The data »

§

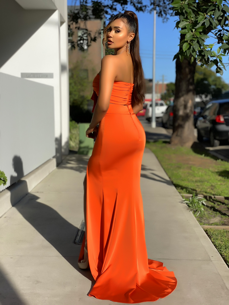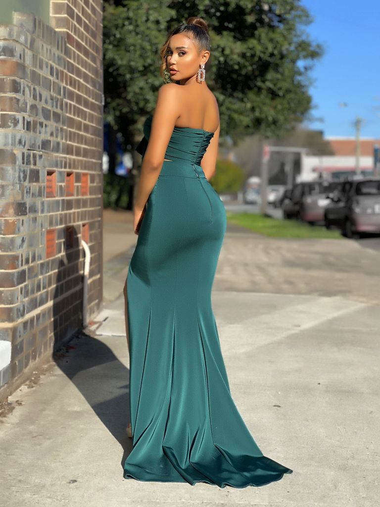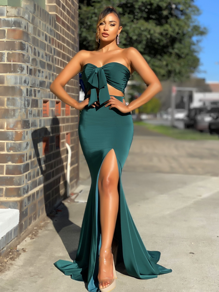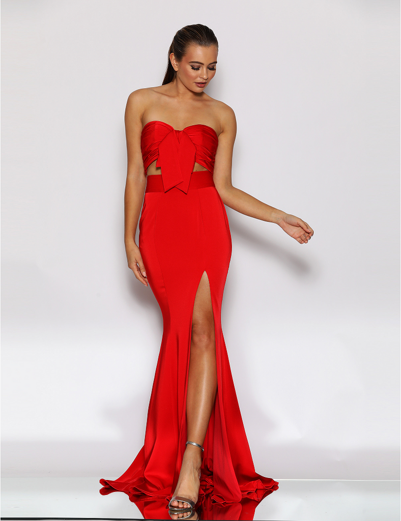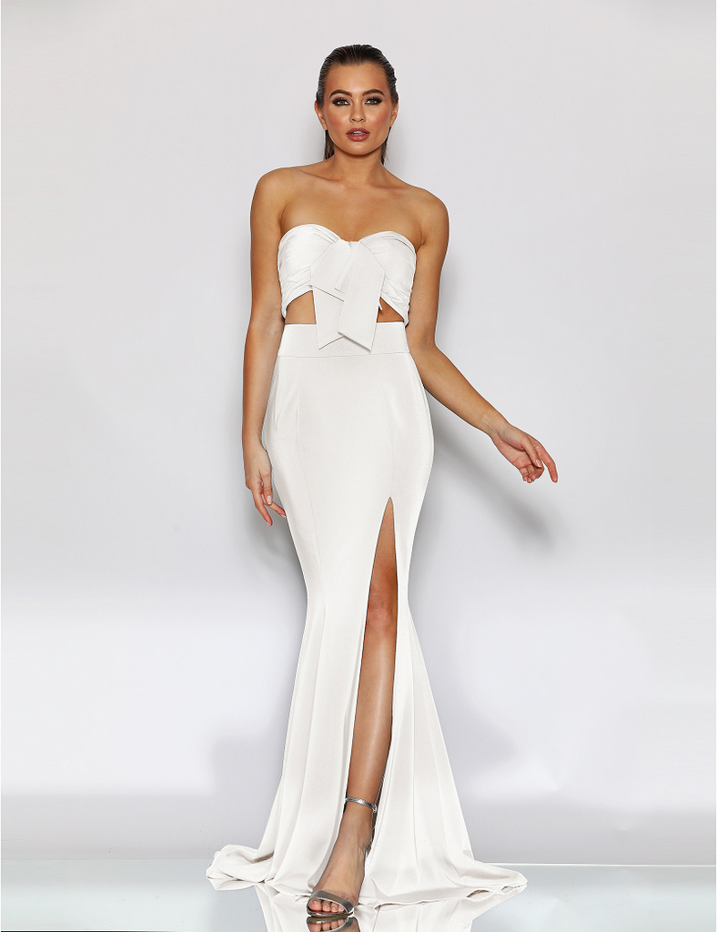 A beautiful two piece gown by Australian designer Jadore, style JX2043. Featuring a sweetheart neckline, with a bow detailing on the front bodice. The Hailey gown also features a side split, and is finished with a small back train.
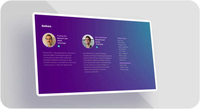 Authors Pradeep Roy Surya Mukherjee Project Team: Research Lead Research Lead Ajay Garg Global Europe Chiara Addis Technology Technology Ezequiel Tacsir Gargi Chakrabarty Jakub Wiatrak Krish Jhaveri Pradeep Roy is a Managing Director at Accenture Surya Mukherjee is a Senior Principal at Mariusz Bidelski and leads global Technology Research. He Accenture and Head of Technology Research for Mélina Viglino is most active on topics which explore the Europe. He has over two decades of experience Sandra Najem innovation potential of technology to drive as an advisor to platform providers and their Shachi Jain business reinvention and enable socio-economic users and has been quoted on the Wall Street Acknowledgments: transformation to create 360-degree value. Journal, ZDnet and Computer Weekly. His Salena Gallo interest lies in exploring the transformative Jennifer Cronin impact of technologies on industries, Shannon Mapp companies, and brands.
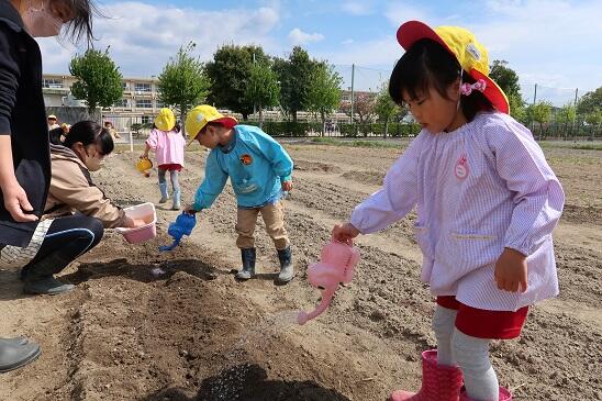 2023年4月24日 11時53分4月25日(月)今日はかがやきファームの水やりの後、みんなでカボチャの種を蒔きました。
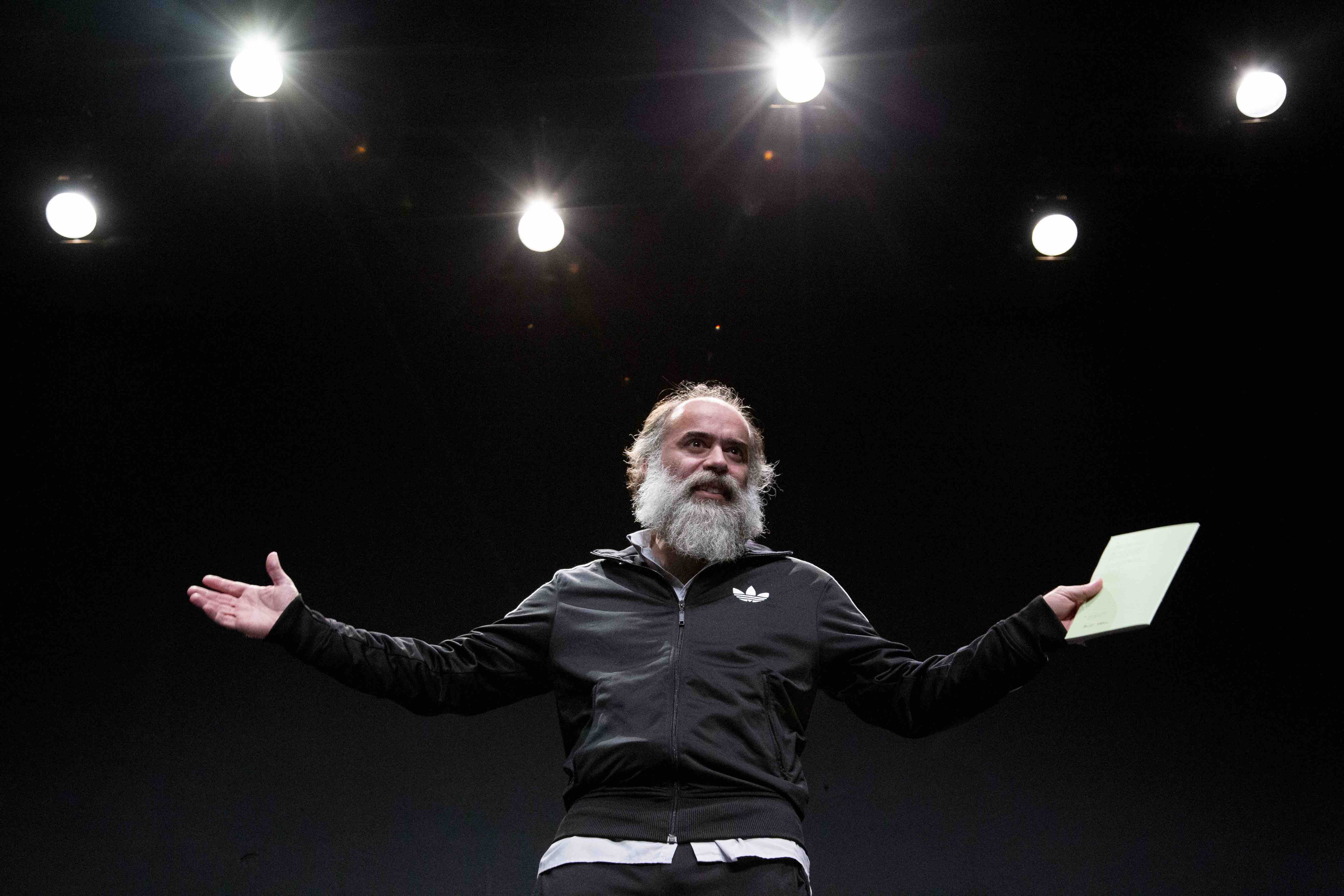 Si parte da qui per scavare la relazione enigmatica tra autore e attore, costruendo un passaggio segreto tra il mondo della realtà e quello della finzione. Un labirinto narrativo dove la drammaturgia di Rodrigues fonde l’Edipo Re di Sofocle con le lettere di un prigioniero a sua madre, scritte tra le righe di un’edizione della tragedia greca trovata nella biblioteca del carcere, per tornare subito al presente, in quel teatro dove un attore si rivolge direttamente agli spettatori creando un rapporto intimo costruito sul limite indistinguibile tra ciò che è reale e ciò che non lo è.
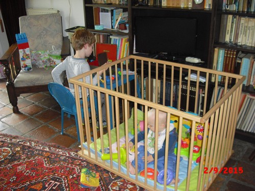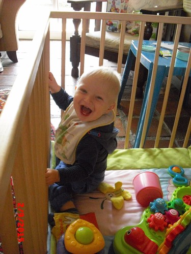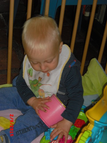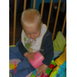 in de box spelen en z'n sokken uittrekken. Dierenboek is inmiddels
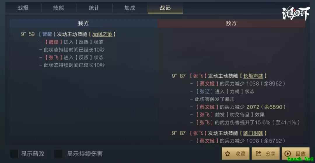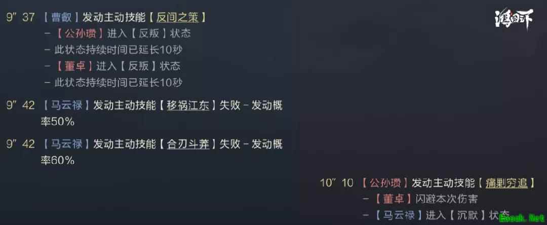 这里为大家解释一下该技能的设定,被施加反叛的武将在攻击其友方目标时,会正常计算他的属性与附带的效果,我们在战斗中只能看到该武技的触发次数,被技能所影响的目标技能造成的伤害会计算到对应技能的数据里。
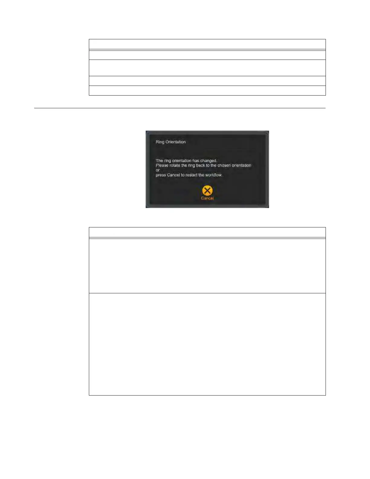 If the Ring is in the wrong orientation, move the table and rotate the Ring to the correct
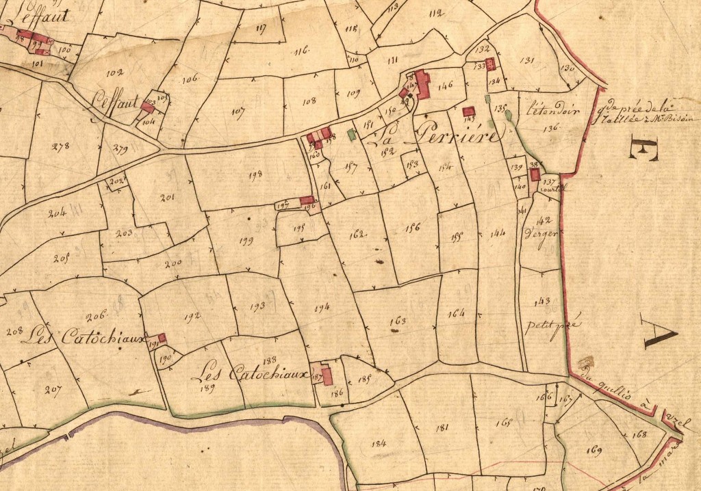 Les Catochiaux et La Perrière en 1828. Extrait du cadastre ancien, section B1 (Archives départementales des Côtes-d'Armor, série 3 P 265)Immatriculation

§

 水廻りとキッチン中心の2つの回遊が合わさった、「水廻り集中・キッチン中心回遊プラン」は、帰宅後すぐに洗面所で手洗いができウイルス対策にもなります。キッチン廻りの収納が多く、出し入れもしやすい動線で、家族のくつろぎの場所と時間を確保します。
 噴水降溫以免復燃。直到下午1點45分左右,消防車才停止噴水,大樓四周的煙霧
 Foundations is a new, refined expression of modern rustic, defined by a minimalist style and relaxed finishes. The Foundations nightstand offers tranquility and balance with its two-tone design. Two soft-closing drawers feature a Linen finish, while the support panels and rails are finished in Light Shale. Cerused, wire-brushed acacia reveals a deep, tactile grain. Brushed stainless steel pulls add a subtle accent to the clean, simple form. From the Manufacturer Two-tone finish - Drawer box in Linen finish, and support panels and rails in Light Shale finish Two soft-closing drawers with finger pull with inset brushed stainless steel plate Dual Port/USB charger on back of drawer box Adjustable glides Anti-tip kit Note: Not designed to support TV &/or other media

§

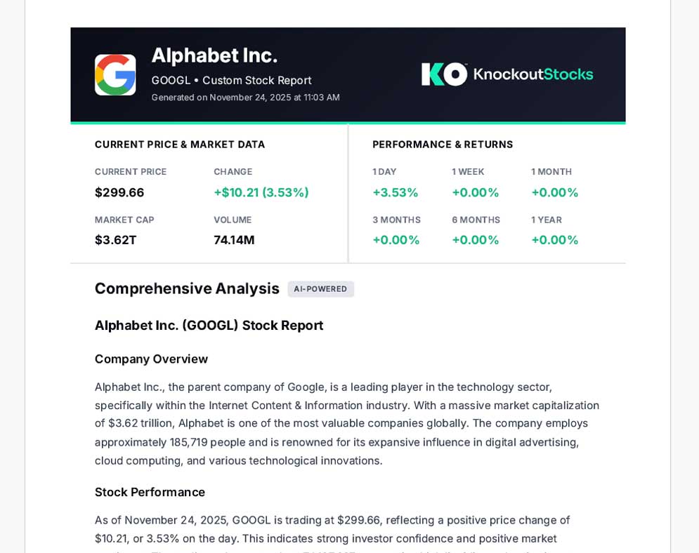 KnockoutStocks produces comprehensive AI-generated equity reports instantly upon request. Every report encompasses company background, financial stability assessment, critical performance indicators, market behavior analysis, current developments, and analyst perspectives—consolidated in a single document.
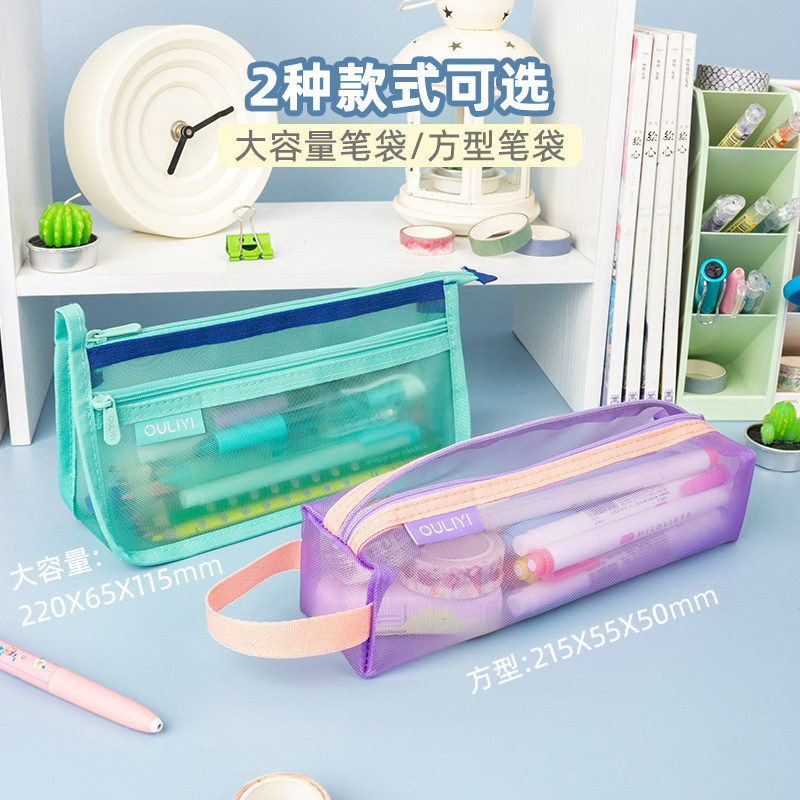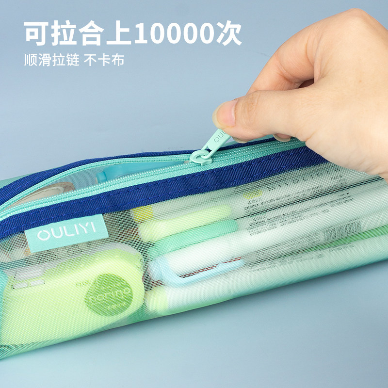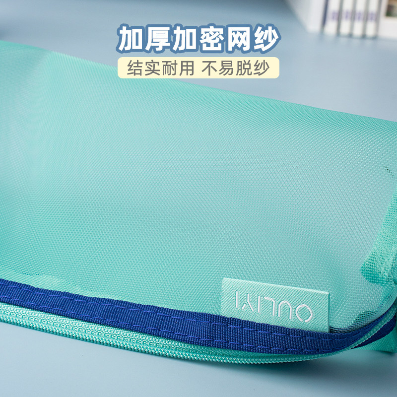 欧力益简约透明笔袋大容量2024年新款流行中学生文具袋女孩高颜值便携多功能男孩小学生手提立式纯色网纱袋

§

Task objective » Reproduce the data above exactly, but only the lines from the one showing "A beautiful two" through the one showing "2023年4月24日 11時", with both ends kept and the pictures left out.

Written solution »
 A beautiful two piece gown by Australian designer Jadore, style JX2043. Featuring a sweetheart neckline, with a bow detailing on the front bodice. The Hailey gown also features a side split, and is finished with a small back train.
 Authors Pradeep Roy Surya Mukherjee Project Team: Research Lead Research Lead Ajay Garg Global Europe Chiara Addis Technology Technology Ezequiel Tacsir Gargi Chakrabarty Jakub Wiatrak Krish Jhaveri Pradeep Roy is a Managing Director at Accenture Surya Mukherjee is a Senior Principal at Mariusz Bidelski and leads global Technology Research. He Accenture and Head of Technology Research for Mélina Viglino is most active on topics which explore the Europe. He has over two decades of experience Sandra Najem innovation potential of technology to drive as an advisor to platform providers and their Shachi Jain business reinvention and enable socio-economic users and has been quoted on the Wall Street Acknowledgments: transformation to create 360-degree value. Journal, ZDnet and Computer Weekly. His Salena Gallo interest lies in exploring the transformative Jennifer Cronin impact of technologies on industries, Shannon Mapp companies, and brands.
 2023年4月24日 11時53分4月25日(月)今日はかがやきファームの水やりの後、みんなでカボチャの種を蒔きました。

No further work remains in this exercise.